A similar proposal has just been introduced in Congress by Republican Representative Carlos Curbelo.  The carbon fee is US$24/metric ton of carbon dioxide emitted, increasing with time.  The difference is that this proposal is not revenue-neutral, but uses the proceeds for highway construction, climate research and support to low income households.
 
The social psychology results described above are likely not outliers in public attitudes on climate change.  The Yale Program on Climate Change Communication (working with George Mason University‘s  Center for Climate Change Communication, and other research organizations) has been surveying American public opinion on this subject for many years.  In a report on May 8, 2018 they found:

·        “Most registered voters (73%) think global warming is happening, including 95% of liberal Democrats, 88% of moderate/conservative Democrats and 68% of liberal/moderate Republicans, but only 40% of conservative Republicans.

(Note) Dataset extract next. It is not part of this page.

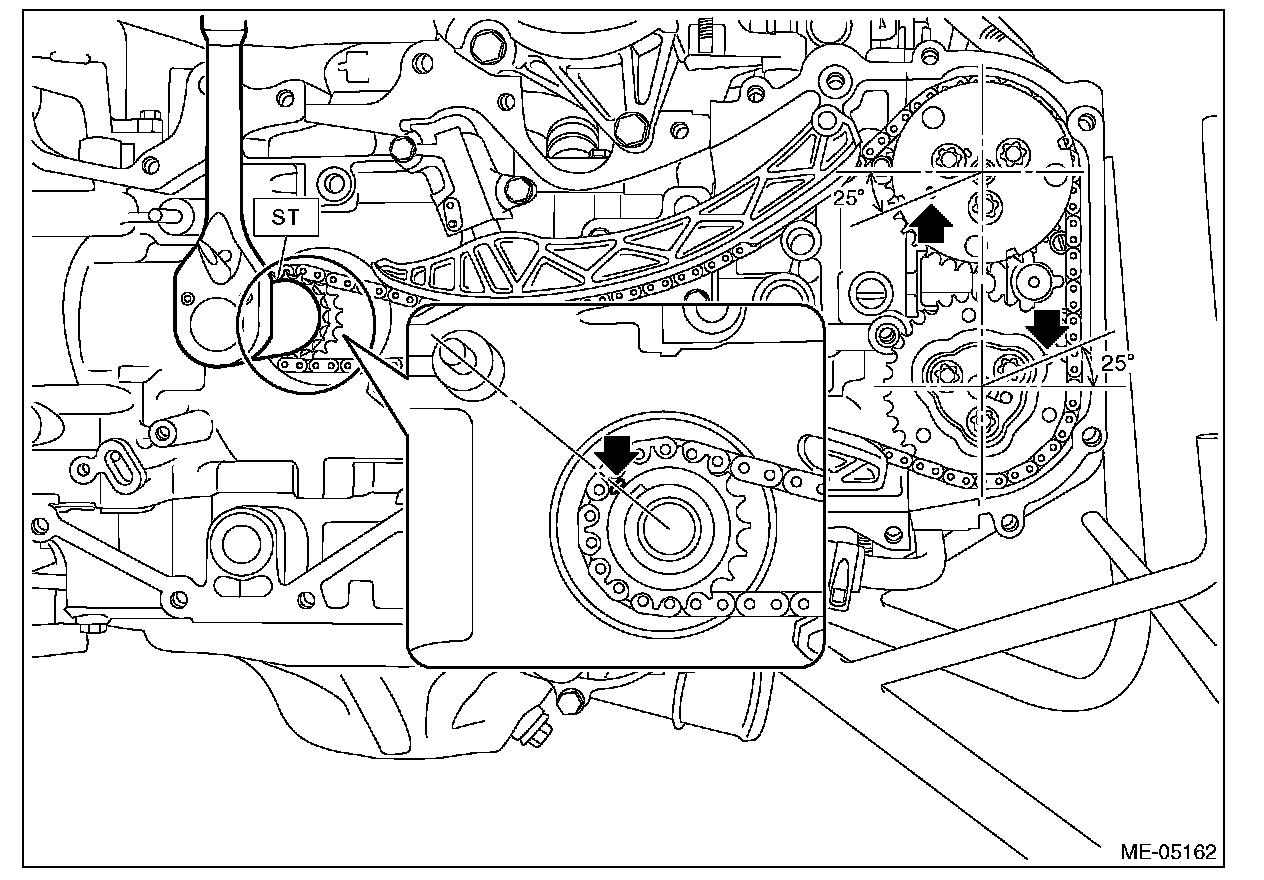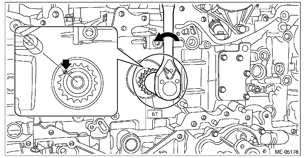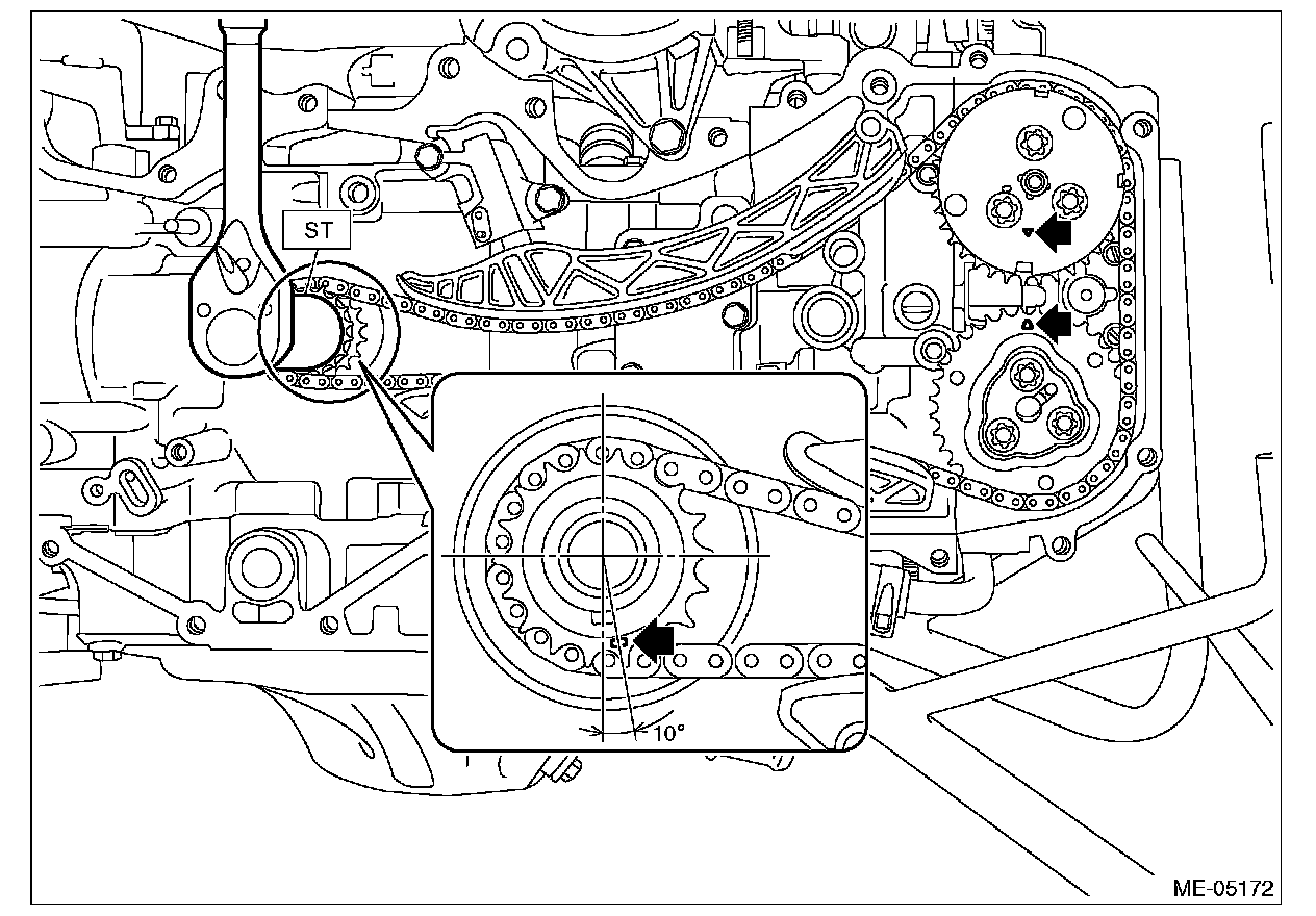 2) Check that the crank sprocket is located at the position sown in the figure. If not aligned, using ST turn the crankshaft to align the crank sprocket alignment mark to the position shown in the figure.

·        A majority of registered voters (59%) think global warming is caused mostly by human activities, including 84% of liberal Democrats, 70% of moderate/conservative Democrats, and 55% of liberal/moderate Republicans…, but only 26% of conservative Republicans.

·        A majority of registered voters (63%) are worried about global warming, including 88% of liberal Democrats, 76% of moderate/conservative Democrats, and 58% of liberal/moderate Republicans, but only 30% of conservative Republicans.”

·        Most registered voters support policies that would reduce use of fossil fuels and promote investing in renewable energy to replace the lost conventional energy.

Conclusion
 
Tribalistic outlooks separating Republicans and Democrats concerning global warming and its effects may be resolving, in favor of collective action to address the issue.  It is indeed critical to embark on meaningful policies at the federal level as soon as possible, in order to minimize the continuing rise in the global average temperature.  Popular attitudes and Congressional approaches are coalescing to promote political action.